- Born: 11 August 1909 Cologne, German Empire
- Died: 4 March 2000 (aged 90)
- Education: University of Cologne; University of Freiburg; University of Grenoble
- Occupations: Sociologist; musicologist; entrepreneur; publicist
- Known for: Member of the Cologne School; founder of the Institut für Massenkommunikation

= Alphons Silbermann =

Alphons Silbermann (August 11, 1909 - March 4, 2000) was a German Jewish sociologist, musicologist, entrepreneur and publicist.

Born in Cologne, he studied musicology, sociology and law at the Universities of Cologne, Freiburg i. Br. and Grenoble. After he gained his doctorate (Dr. jur.), the rise of Nazism led Silbermann to emigrate to the Netherlands and 1938 from Amsterdam via Paris, where he worked as a waiter, to Sydney. In Australia he started as a dishwasher but went soon from rags to riches with his own fast food restaurant Silver's Food Bars. He initiated the first fastfood chain of Australia, becoming a successful entrepreneur.

His academic career started in 1944 in Sydney at the New South Wales State Conservatorium of Music. As an empirical culture-sociologist, he went back to Europe (especially Paris) in 1951. In 1958 René König brought him back to Cologne, where he taught at the university. In 1964 he was called to the University of Lausanne as a successor of Vilfredo Pareto and later at the University of Bordeaux (1974–1979).
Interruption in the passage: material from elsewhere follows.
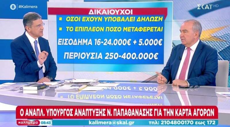«Από 1η Φεβρουαρίου ξεκινάει η κάρτα αγορών και μέχρι το τέλος Φεβρουαρίου θα έχουν μπει τα χρήματα στους λογαριασμούς, ή στην άϋλη κάρτα, με τους 8.400.000 δικαιούχους να λαμβάνουν 22 ευρώ έως 100 ευρώ το μήνα», τόνισε στον ΣΚΑΙ ο αναπληρωτής υπουργός Ανάπτυξης και Επενδύσεων, Νίκος Παπαθανάσης.

Alphons Silbermann was a member of the "Cologne School" (Kölner Schule) along with René König and others. He was one of the editors of the Kölner Zeitschrift für Soziologie und Sozialpsychologie (KZfSS) and founded the Institut für Massenkommunikation (Institute of Mass Communication). He was an important German pioneer of empirical methods, as against the ideological biases of many contemporary colleagues like his favorite opponent Theodor W. Adorno.

==Bibliography==
- 1949: ...Of musical things. Sydney
- 1959: Musik, Rundfunk und Hörer. Die soziologischen Aspekte der Musik am Rundfunk. VS Verlag für Sozialwissenschaften. ISBN 978-3-663-00798-2
- 1963: The Sociology of Music. London. ISBN 978-0-8371-9455-4
- 1963: Vom Wohnen der Deutschen. Eine soziologische Studie über das Wohnerlebnis. VS Verlag für Sozialwissenschaften. ISBN 978-3-322-98288-9
- 1966: Bildschirm und Wirklichkeit. Ullstein. ISBN 978-3-550-07213-0
- 1968: Vorteile und Nachteile des kommerziellen Fernsehens: Eine soziologische Studie. Econ-Verlag.
- 1969: Morale chez Vilfredo Pareto. In: Cahiers Vilfredo Pareto, 18; Lausanne.
- 1973: Empirische Kunstsoziologie: eine Einf. mit kommentierter Bibliographie. Enke. ISBN 978-3-432-02287-1
- 1973: Mediensoziologie: Film. Econ Verlag. ISBN 978-3-430-18493-9
- 1973: Mediensozialogie: Rundfunk. Econ Verlag. ISBN 978-3-450-18923-5
- 1973: Soziologie der Massenkommunikation. Stuttgart.
- 1981: Communication de Masse. Eléments de Sociologie empirique; Paris.
- 1981: Der ungeliebte Jude. Zur Soziologie des Antisemitismus. Edition Interfrom. ISBN 978-3-7201-5134-4
- 1981: Einführung in die Literatursoziologie. Oldenbourg. ISBN 978-3-486-19951-2
- 1984: Was ist jüdischer Geist? Fromm Druckhaus A. ISBN 3720151670
- 1985: Der Übersetzer: eine berufs- und literatursoziologische Untersuchung. Harrassowitz. ISBN 978-3-447-02558-4
- 1986: Comics and Visual Culture : Research Studies from Ten Countries. Editor with: H.D. Dryoff. Munich. ISBN 3-598-10604-1
- 1986: Lübbes Mahler-Lexikon. Lübbe. ISBN 978-3-404-61271-0
- 1989: Verwandlungen.' Eine Autobiographie. (Autobiography). Berlin.
- 1991: Das imaginäre Tagebuch des Herrn Jacques Offenbach. Piper. ISBN 978-3-492-18317-8
- 1991: Neues vom Wohnen der Deutschen (West). Verlag Wissenschaft und Politik. ISBN 978-3-8046-8765-3
- 1993: Badezimmer in Ostdeutschland: eine soziologische Studie. Verlag Wissenschaft und Politik. ISBN 978-3-8046-8799-8
- 2000: Grovelling and Other Vices: The Sociology of Sycophancy. (Folklore). Translated by Ladislaus Lob. London.